On July 18th, 2008, my determination to be a published author was temporarily shattered by some very unfortunate news.

It was a Friday, the day before my birthday, and I was very excited.  I was going to see The Dark Knight with friends the next day, and I had a partial with an agent that I had a great feeling about.  I had commented on her blog, sent her well-wishes when she was sick, and she had actually commented back on my blog.  We had a bit of a relationship brewing, which is exactly what you're supposed to be doing with agents.

On my lunch break at work, I went to check my email on my phone, and I saw the worst thing EVER.

A form rejection letter.

I had gotten a lot of these before, but never from someone that I had actually networked with.  I thought that maybe, since she knew who I was (I made a point to tell her), she would at least give me a few pointers.  But no, not a word.  It broke my heart.

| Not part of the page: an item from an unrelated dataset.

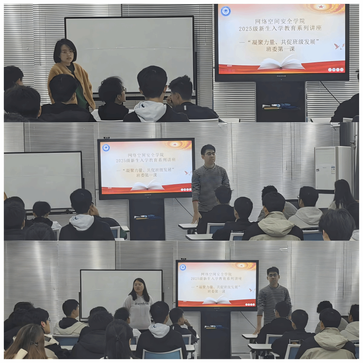朱文晶围绕课堂考勤、教学信息传达等核心职责,为学习委员指明工作方向,并就“找不到教室”等常见问题提供解决方案,鼓励大家勤于思考,探索多元化工作方法。刘长慧采用情景模拟方式,与多位班委现场互动,通过模拟常见工作场景,强调灵活应变、解决问题的重要性。郭政良进一步明确了各班委的岗位职责,指出班委是连接公司与同学的关键纽带,承担着服务同学、凝聚班级的重要使命,勉励大家珍惜实践机会,在服务中锻炼能力、收获成长

Rejection is something that we all have to deal with in life.  We get rejected by schools, jobs, friends, romantic interests, customers, and institutions all the time.  And every single time, it sucks, especially when what is getting rejected is something that has been labored over, cultivated, and worked on for months or even years.  I think that we give a bit of our souls to every creative effort, and it can really be brutal when our creations don't measure up.  But it does good to remember that rejection is just as inevitable as death and taxes.  Sometimes , no matter how we might try or what we might do, we are just not the right fit.

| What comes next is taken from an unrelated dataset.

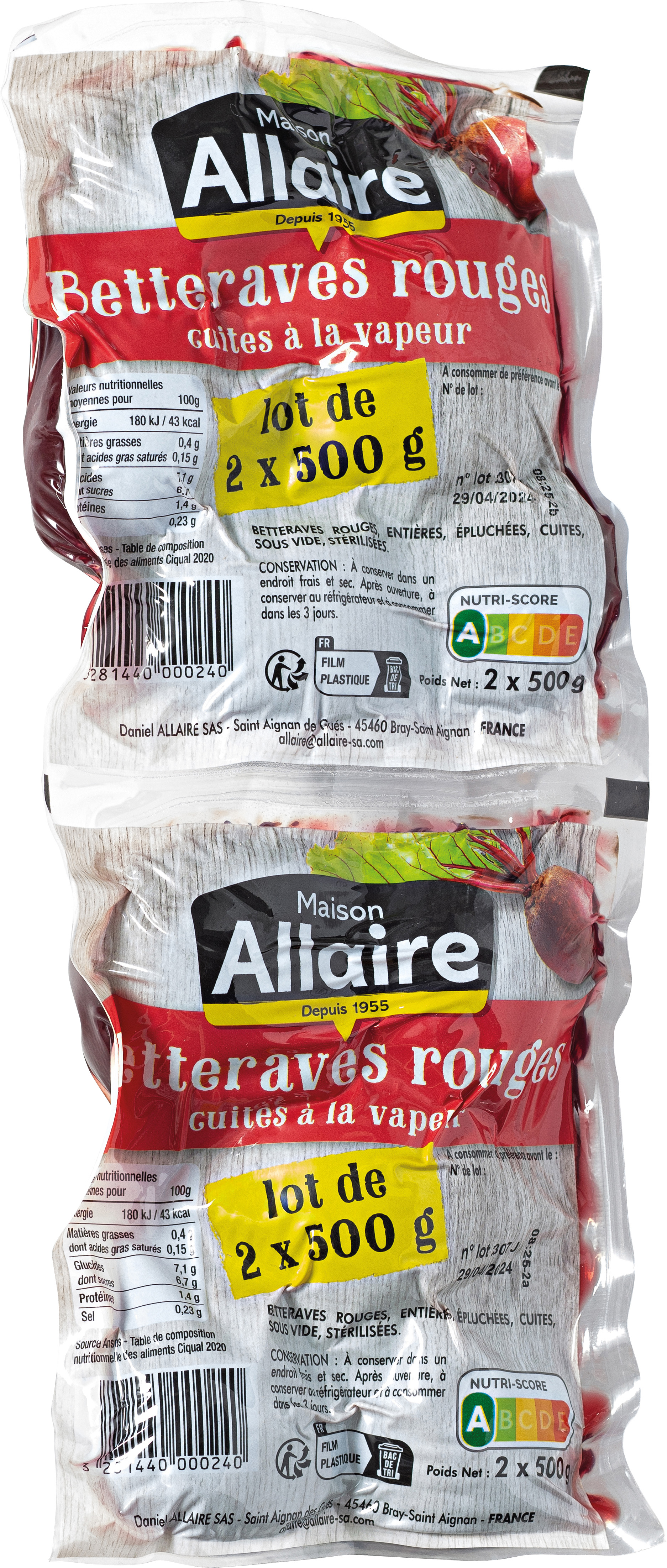 BETTERAVE CUITE RONDE SOUS VIDE ALLAIRE Le lot de 2x500g.

Even though creative people are by nature sensitive, it's absolutely necessary to develop a thick skin.  Unless you're purely doing something for yourself, without the intent to have the world scrutinize it, any effort that is put out for the pubic to enjoy will be put under the magnifying glass.  The agenting process is a good way to develop that thick skin, to not be devastated when someone doesn't like something, and to be able to learn how to take criticism, absorb the good critiques and shed the bad.

Rejection can also be very good fuel for moving into an unexpected direction.  After I recovered from my crushing defeat, I sought out a professional editor for a consultation on my manuscript.  He tore that sucker apart, but he gave me a lot of good tips and tricks, and a lot of really worthwhile feedback on my strengths and weaknesses.  His help was exactly what I needed for the project that I'm about to shop.  I figured, that if everyone thought that my manuscript was not publishable, maybe it was the manuscript's problem, and not just a fact that I didn't hit on the right agent or that maybe the market was moving away from what I was doing, and if I could fix what I had done wrong that was repeatedly missing the mark, then I would have greater success.

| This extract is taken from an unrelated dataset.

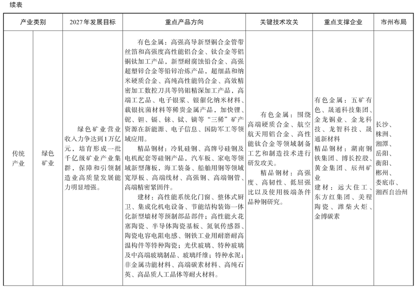 1.有色金属。铝铜钛加工,以湖南有色控股、晟通科技、金龙科技、湘投金天科技等为龙头,重点发展高强高导新型铜合金管带丝箔和高强度高性能铝合金、钛合金等产品,延伸铜铝钛产业链。铅锌加工,依托衡阳水口山、郴州铅锌冶炼产业集聚区,加快发展新型耐腐蚀铅合金、高强超塑锌合金等产品,完善铅锌复合材料产业链。钨钼精深加工,加快建设株洲、郴州硬质合金产业集群,重点发展超细晶和纳米硬质合金、高性能钨合金、高效精密加工数控刀具等产品。稀贵金属加工,依托湖南有色产业投资集团等龙头企业,加快发展高端工艺品、电子银浆、银催化纳米材料、载银抗菌材料等产品,形成高端金银精深加工产业链。加快锂、铌、钽、镉、铼、铽、镝等“三稀”(稀土、稀有、稀散)矿产在新能源、电子信息、国防军工等领域应用。

This is not meant to be a "pick yourself up, dust yourself off, and chin up, slugger, you're a winner" post... I don't really do that.  But if you are a writer, don't worry.  You are not alone.  We have all been rejected, we have all been turned down, for whatever reason, and I am right here with you on the Reject Bus.  However, the Reject Bus is a journey, not a destination.  There will be a time when your stop comes up.